My op-ed that the Great Falls (Montana) Tribune ran on Feb. 27, 2014.
With the job market still tight, unpaid internships are as close as many aspiring professionals can get to a job in their field. These internships are supposed to be about businesses investing in their future workforces and interns gaining experience and training valuable enough to offset their unpaid hours. So, what’s wrong with having the option to get ahead in competitive industries?
The problem arises when the system closes out people who cannot afford to work for free. This is especially egregious because internships are not just extra flair on a resume anymore. Internships are required to get even an entry-level job in many fields, and to graduate from some university programs. My bachelor’s degree in journalism required a one-credit internship, and I paid my university several hundred dollars to earn the credit for my free labor.
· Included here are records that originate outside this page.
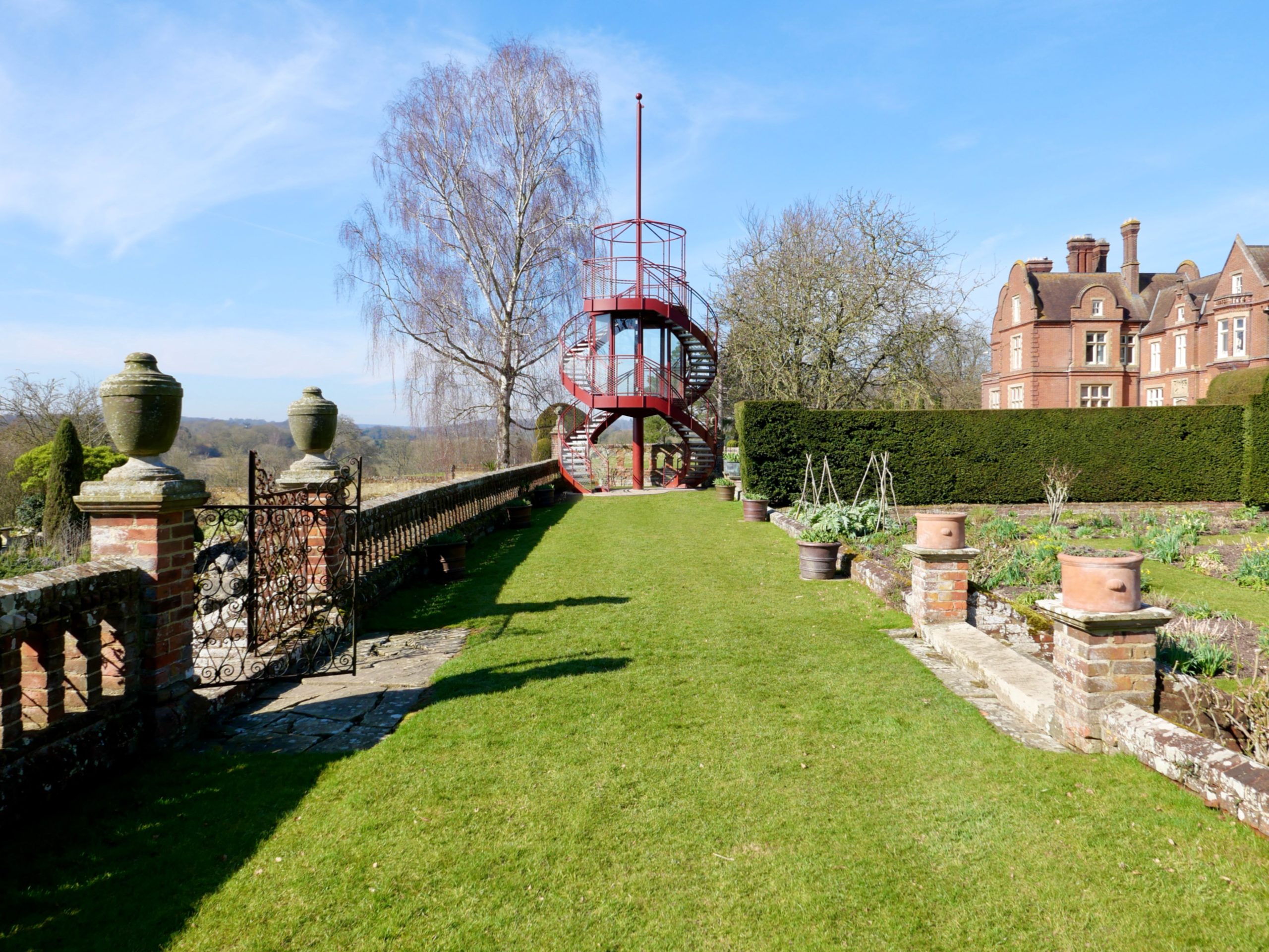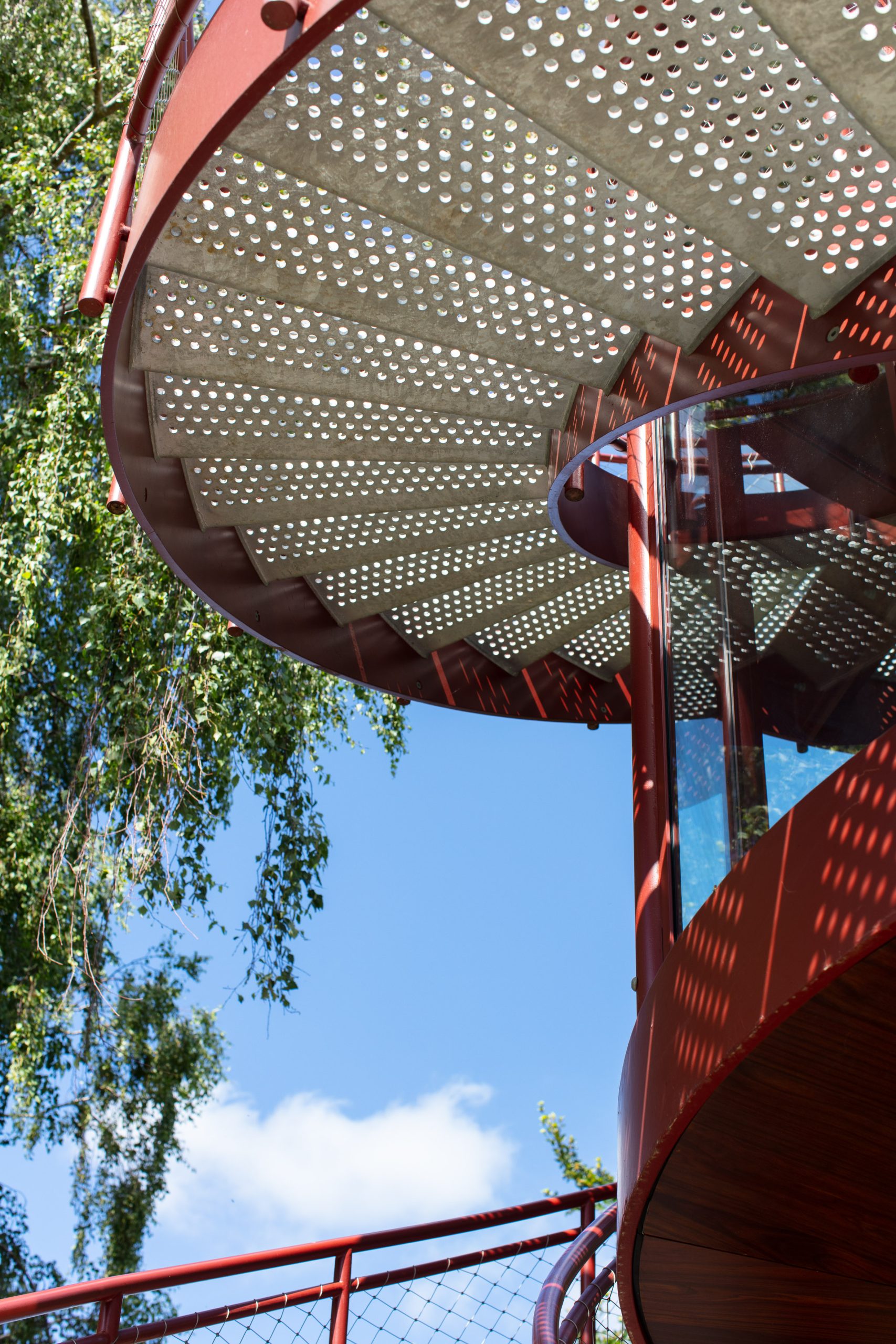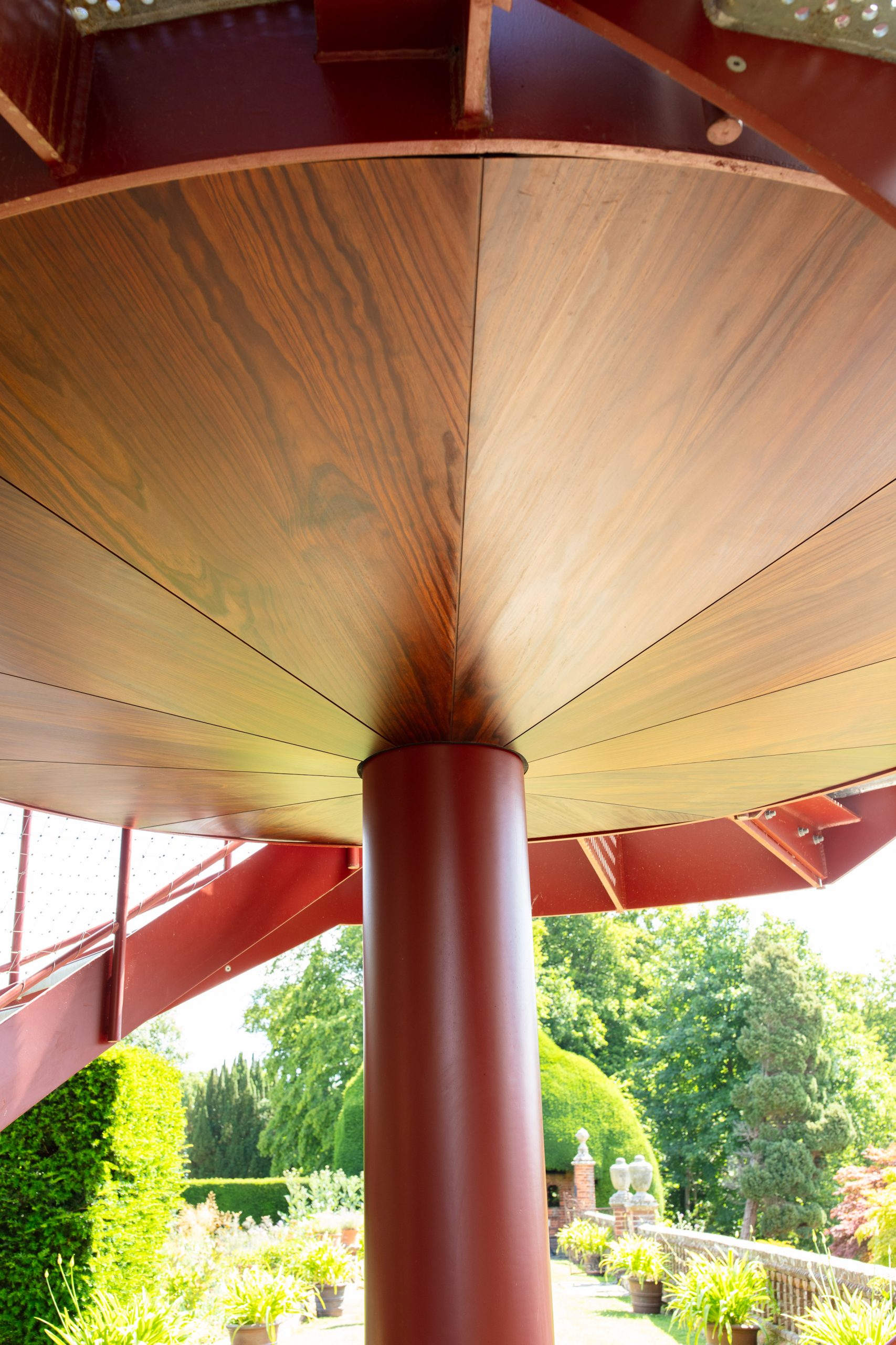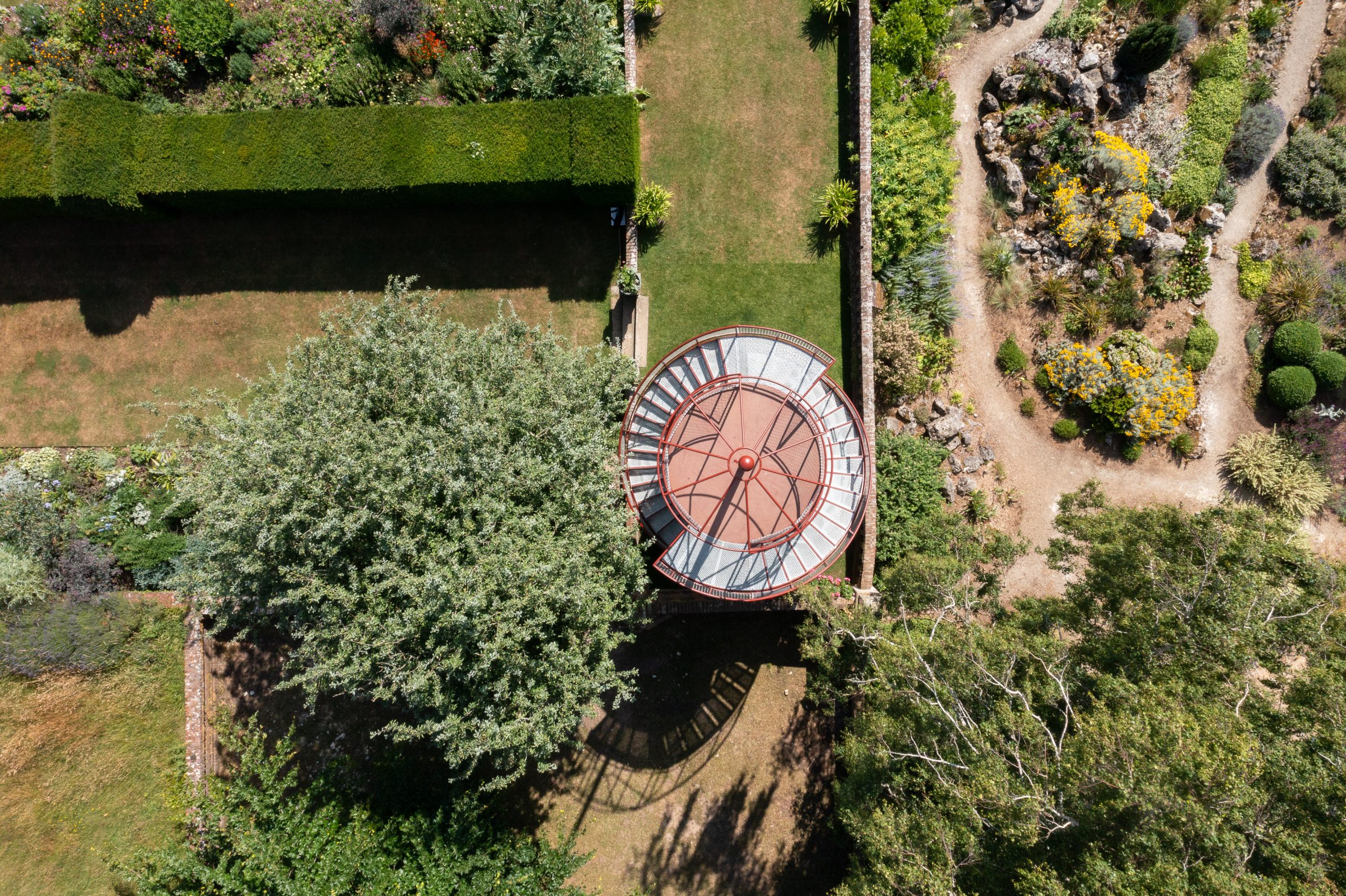 The Tower creates a glazed First Floor summerhouse & a Second Floor public viewing platform enjoying great elevated vistas over the Sunken Garden, the Rock Garden & the valley beyond. The swirling double staircase makes a virtue of the Building Regulation requirement to have separate public upwards & downwards access.
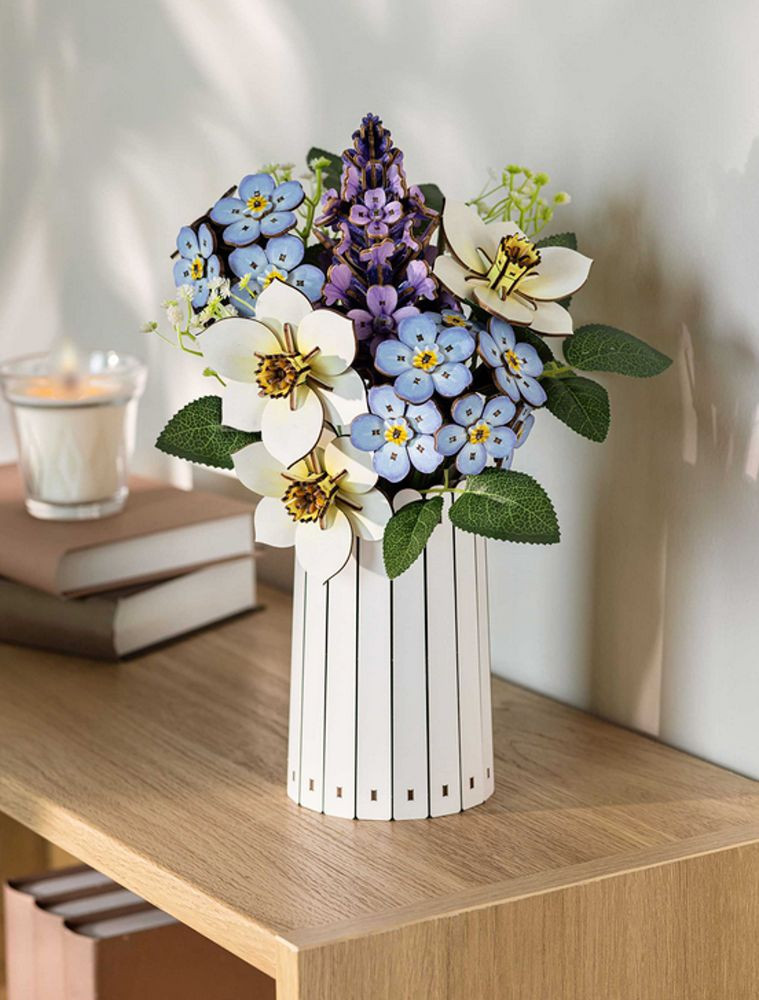Obsah balení: Vysoce kvalitní dřevěná sada na květiny a vázu Integrovaný vonný kroužek Snadno srozumitelný návod na stavbu
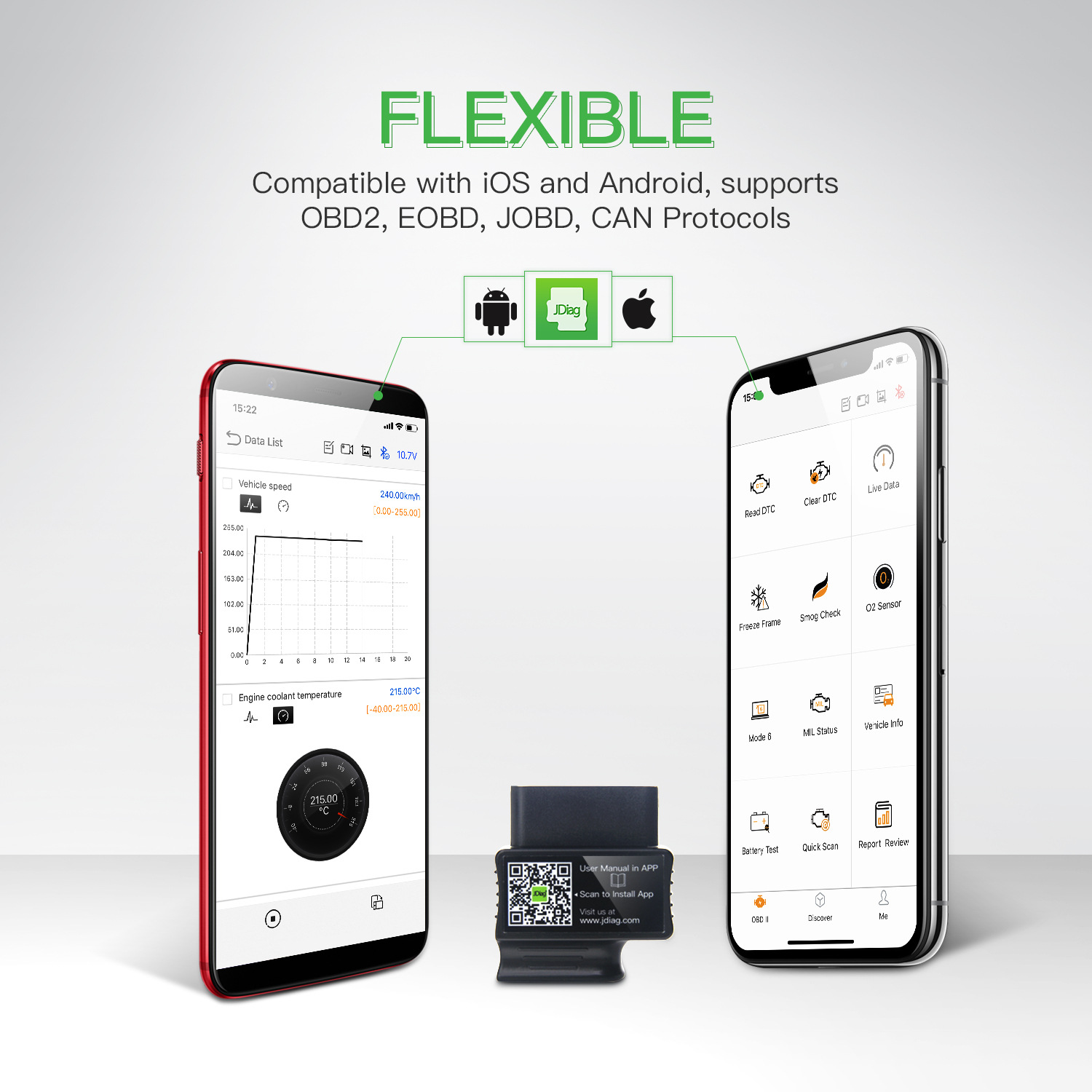Supports all OBD2 protocols including:
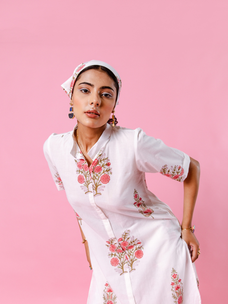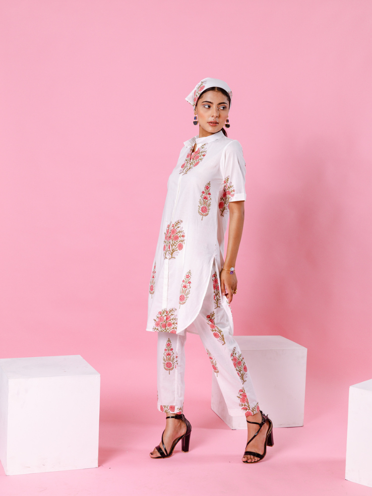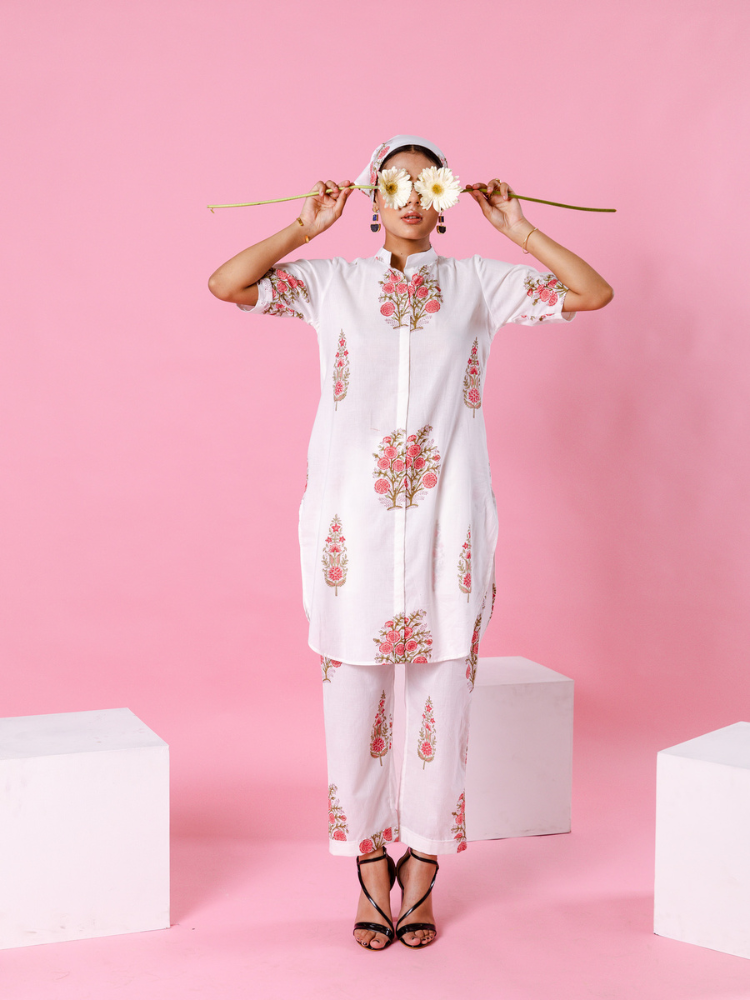 Delilah - Bright like the summer sun and beautiful like the first dawn of spring. Our forever essential co-ords for made for balmy summer. Florals on ivory remind us of English summers. This set consists of a hand-block printed tunic paired with matching trousers,
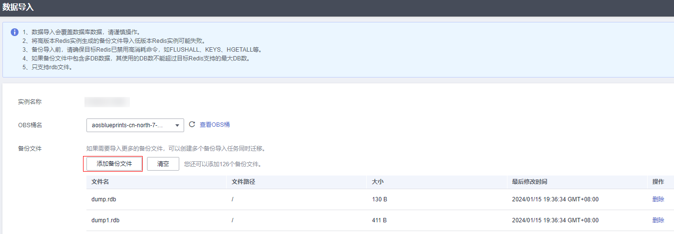 - 将高版本Redis实例生成的备份文件导入低版本Redis实例可能失败。
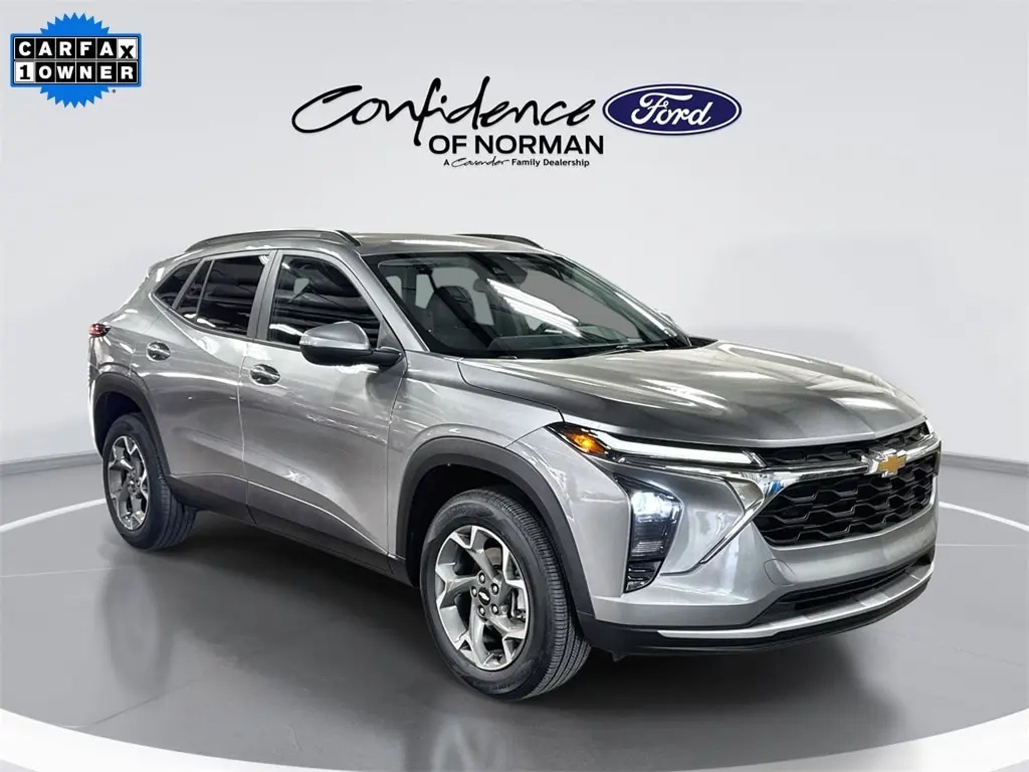 Welcome to Confidence Ford of Norman, a Cavender Auto Family dealership. This vehicle is located at 825 N Interstate Dr, Norman, OK 73069. Here at Cavender, we build relationships based on trust and integrity to exceed your expectations in your ownership experience. Quite simply, we strive to Make Confidence Happen! So stop by and allow us to serve your automotive needs we would love to meet you. Sterling Gray Metallic 2024 Chevrolet Trax LT Confidence and Convenience FWD 1.2L Ecotec Turbo DOHC DI w/VVT 6-Speed Automatic Features: Driver Confidence Package (Adaptive Cruise Control, Lane Change Alert w/Side Blind Zone Alert, Rear Cross-Traffic Alert, and Rear Park Assist), LT Convenience Package (Heated Driver Front Passenger Seats, Heated Power-Adjustable Outside Mirrors, Heated Steering Wheel, Keyless Open, and Wrapped Steering Wheel), Preferred Equipment Group 1LT, 4-Wheel Disc Brakes, 6-Way Manual Driver Seat Adjuster, ABS brakes, Fully automatic headlights, Panic alarm, Premium audio system: Chevrolet Infotainment 3, Remote keyless entry, Wheels: 17' Gray-Painted Machined Aluminum, 2-Way Adjustable Front Head Restraints, 3.50 Final Drive Axle Ratio, 4-Way Manual Front Passenger Seat Adjuster, 6 Speakers, 6-Speaker Audio System Feature, Air Conditioning, Alloy wheels, AM/FM radio: SiriusXM, Auto High-beam Headlights, Automatic temperature control, Brake assist, Bumpers: body-color, Cloth/Evotex Seat Trim, Compass, Delay-off headlights, Driver door bin, Driver vanity mirror, Dual front impact airbags, Dual front side impact airbags, Electronic Stability Control, Emergency communication system: OnStar and Chevrolet connected services capable, Exterior Parking Camera Rear, Front anti-roll bar, Front Bucket Seats, Front Center Armrest, Front reading lights, Front wheel independent suspension, Illuminated entry, Low tire pressure warning, Occupant sensing airbag, Outside temperature display, Overhead airbag, Overhead console, Passenger door bin, Passenger vanity mirror, Power door mirrors, Power steering, Power windows, Radio data system, Radio: Audio System w/AM/FM, Rear Park Assist (DISC), Rear window defroster, Rear window wiper, Security system, SiriusXM, Speed control, Split folding rear seat, Spoiler, Steering wheel mounted audio controls, Tachometer, Telescoping steering wheel, Tilt steering wheel, Traction control, Trip computer, and Variably intermittent wipers. CARFAX One-Owner. Clean CARFAX.

The average U.S. student has $29,000 in student-loan debt at the end of a bachelor’s degree. Students pay extravagantly for their education — much more so now than in decades past, even accounting for inflation — then are obliged to do unpaid work before being rewarded with a degree or job.
Students can’t afford to work for free any more than anyone else can, especially if they’re not getting some sort of educational or experiential benefit out of the process. (Bear in mind many undergraduates, people switching careers, and other interns have families to support or other responsibilities and debts.)
Federal law is clear on when it’s OK not to pay interns or trainees. The Fair Labor Standards Act establishes six criteria companies must meet to justify not paying interns. The key elements are the internship must provide the equivalent of vocational training, and the company cannot directly benefit from unpaid interns or use their efforts to replace paid employees.
In 2013, several groups of unpaid interns sued the corporations they worked for, including Condé Nast, Hearst, PBS, Atlantic Records, and Elite Model Management. The plaintiffs allege their internships didn’t have enough, or any, educational value to justify not getting paid for their work. More suits are in progress in the sports, fashion, media, and healthcare industries.
The decision that led to the deluge of lawsuits came last June, when two former Fox Searchlight interns won their lawsuit over unpaid internships in which they were assigned menial tasks, such as fetching coffee, on the set of the 2010 film “Black Swan.” They may have been getting their feet in the door at Fox, but they weren’t getting an education; they were simply doing work that needed to be done.
The message from the federal court was clear: Programs that don’t teach must pay. As a reporting intern at a midsize, daily newspaper in California last year, I didn’t get paid but I did get a lot of experience and a better idea of what kind of career I want. I could afford to be philosophical about the process because I was lucky enough to have a full-ride college scholarship, which helped me absorb the cost of moving from my native Montana to California for a summer of what was essentially volunteer work.
Too many students don’t have that option, which means only the relatively wealthy can afford the experiences needed to land decent jobs. This system entrenches economic inequality, making the dream of bettering one’s station in life increasingly limited to those who don’t start out poor.
It also means companies that don’t pay interns don’t necessarily get the best applicants — merely the best middle-class-and-above applicants — and they expose themselves to costly litigation.
While it’s true that fewer internships may be offered if all companies have to comply with the law and pay their interns, at least then the opportunities would go to the most qualified students who are ready to contribute to a professional workplace. This would also relieve employers of the frustration of dealing with students who are not prepared for professional work, but are forced into internships as a graduation requirement. (Former bosses as well as former professors have told me this is not an uncommon problem.)
The cost of higher education in the U.S. borders on injustice. Colleges and universities make matters worse by offering their students as free labor, driving many students deeper into debt, by requiring internships and making students pay for the credits they earn working these unpaid gigs.
Popular culture tells us not getting paid for labor is an inevitable part of young professional life, and people should just tough it out. But no one benefits when career advancement is limited to wealthier applicants, least of all companies that potentially miss out on discovering some of the greatest talents simply because those people might not be able to afford living and being interns at the same time.
Interns and employers alike deserve a fairer system that promotes learning and rewards merit, not economic class.